His weekly television show began on October 27, 1954, on Wednesday nights on ABC at 7:30 p.m. and, eventually, became the second longest-running American prime-time series (airing on all three commercial networks under different titles over the years) when it officially ended in 2008.
For the first 13 years, the on-screen host was Walt Disney himself.
“Once he began performing every week, he kind of liked it. It uncovered a streak of ham in him,” said producer Bill Walsh.
“In the early days, Walt would help write his own dialogue,” said producer Winston Hibler. “He never liked stilted dialogue or anything that was too formalized. He said, 'I like to talk the way that people talk'. He didn't like to talk about himself. He didn't mind being the butt of the joke if it worked.”
Most of Walt's introductions were filmed on a small set on a soundstage at the Disney Studios lot in Burbank, California. The set was a re-creation of Walt's formal office on the third floor in the Animation Building. Many of the items were taken from his actual office to decorate the set so that Walt felt more comfortable in the surroundings and then returned after filming.
Because of his heavy schedule, Walt would film a number of introductions for the upcoming season at the same time. Once, Walt filmed 12 to 14 introductions over a three day period.
Walt's last filmed introduction to his television program was done on October 6, 1966. It was for the episode “A Salute to Alaska” that was shown April 2, 1967, the last original show of the 13th season before summer reruns.
Walt barely moves during the introduction and looks pale but, at the time, people just assumed he was recovering from a bad bout with the flu, as well as doing so many other introductions in the same day.
“Toward the end of the day, we would often have to keep pouring water down his throat because he got so scratchy from doing so many different intros in the same day,” recalled producer and director Ron Miller, Walt's son-in-law.
Walt started looking into using television to promote his projects as far back as the late 1930s.
The famous “Epcot film” where Walt shares his plans for the Florida property was filmed about 10 days later on October 27, 1966 and was never intended to be part of the weekly television show.
Walt went into Burbank's St. Joseph's Hospital in late November and died from lung cancer on December 15, 1966, 10 days after his 65th birthday.
The television broadcast of the anthology show three days later on Sunday December 18, 1966, that featured Walt prominently hosting the episode “Disneyland Around the Seasons,” was preceded by a memorial tribute from NBC news anchor Chet Huntley along with actor Dick Van Dyke.

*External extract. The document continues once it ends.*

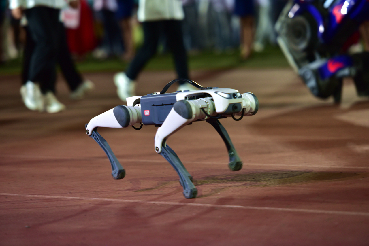 本次开幕式上,人形机器人模型擎天柱、大黄蜂以其高大威猛的形象成为了人群中的焦点,极大地激发了学生们对科技创新的兴趣,展现了计算机科学的无穷魅力。形态逼真的轮腿式平衡机器人由beat365英国官方网站机器人与人工智能创新中心的师生自主研发,集成了多种先进的人工智能技术,具有精准的动作和灵敏的反应,能够灵活地完成各种复杂的动作,充分展示了beat365在人工智能和机器人技术方面的成功探索。

Walt's pre-filmed introductions continued to be shown for the rest of the 13th season.
The weekly television show was an eclectic mix of edited versions of previously released theatrical features and animation as well as original productions including many popular “behind-the-scenes” episodes.

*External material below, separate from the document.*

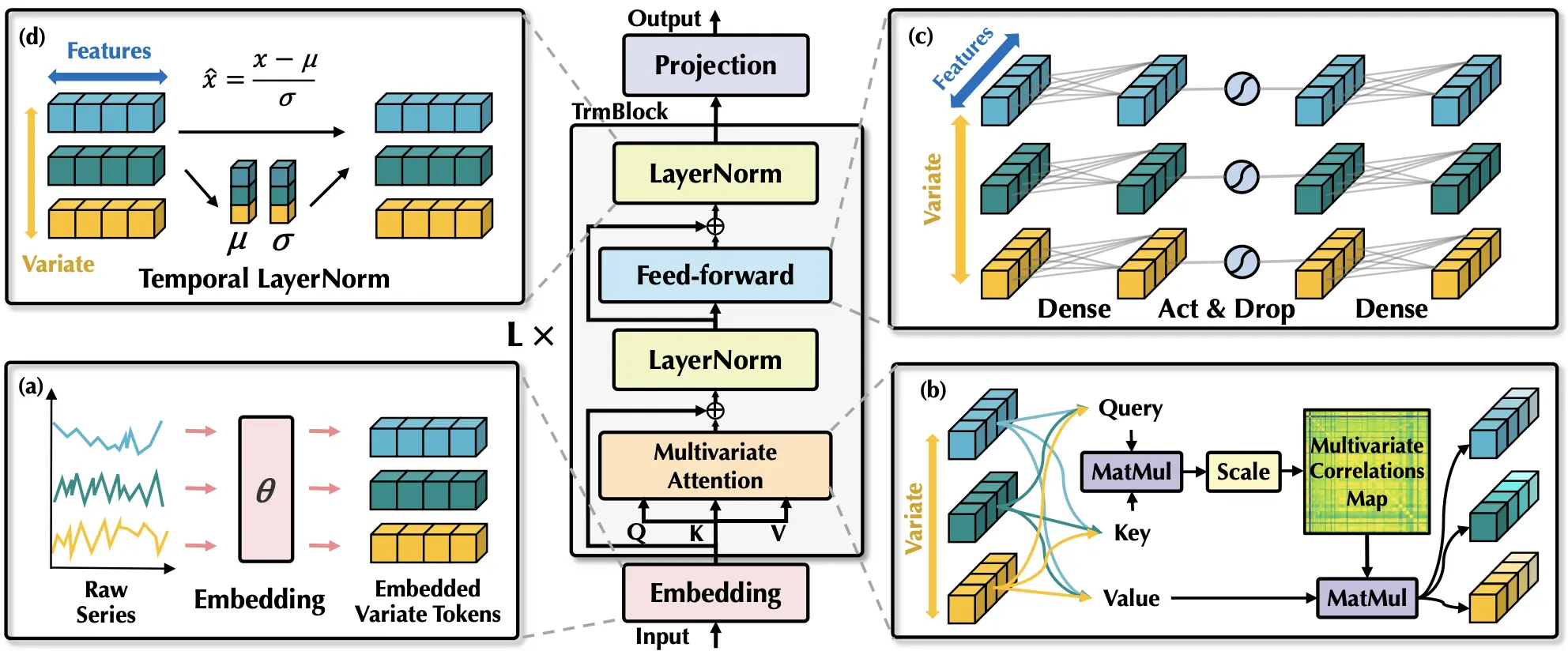 where represent the query, key, and value matrices derived from . This mechanism ensures that each variate token integrates information from all other variates, effectively capturing their dependencies.

As Tinker Bell would fly across the screen, announcer Wesson would intone:
“Each week as you enter this timeless land, one of these many worlds will open to you.
FRONTIERLAND—Tall tales and true from the legendary past.
TOMOROWLAND—Promise of things to come.
ADVENTURELAND—The wonder world of nature's own realm.
FANTASYLAND—The happiest kingdom of them all.”
Originally, the show was titled Disneyland to help publicize the Anaheim theme park. In 1958, the title was changed to Walt Disney Presents,” when it was no longer necessary to heavily promote the successful park, and the show was moved to Friday night at 8 p.m. In 1960, the show moved to its much-remembered Sunday night time slot where it remained for more than two decades.
When the show moved to NBC in the fall of 1961, it was renamed to Walt Disney's Wonderful World of Color to signify it was being broadcast in RCA “living color,” even though some earlier episodes had already been filmed in full color at Walt's personal expense since its beginning.
For eight years, the new opening song by the Sherman Brothers that emphasized that “the world is a carousel of color” generated excitement for families gathered in front of their television sets.
The show was dubbed The Wonderful World of Disney in 1969, when color was now commonplace on television. In 1979, it was called Disney's Wonderful World. It moved to CBS in 1981 where it was titled simply “Walt Disney” for two years.
The show continued to migrate to different venues and with different titles, including The Magical World of Disney, until it officially ended in 2008. Whatever its title and whatever station broadcast it, people still recognized it as the weekly Disney television show and eagerly watched. Some still considered it “Walt's show” to the very end of its run.
Many of those television episodes were never shown after their initial season or released to any home video or DVD format. However, memories of them remained strong in the minds of those who watched them, crowded with their friends and family around a flickering image much like cave dwellers gathered around a roaring fire to listen to the clan's best storyteller.
Uncle Walt's 13 years with the program had the affable host eagerly welcomed into millions of homes when only three major networks were broadcasting along with a handful of local stations. In those early years, some families had to constantly adjust “rabbit ears” antennas on top of a television set in order to clearly watch the show.
Of course, the end of each show in those early Walt years offered a tantalizing preview of next week's show, as well as an advertisement for the latest Disney film in cinemas. Walt had cleverly negotiated that extra time for publicity as part of his compensation for doing the shows.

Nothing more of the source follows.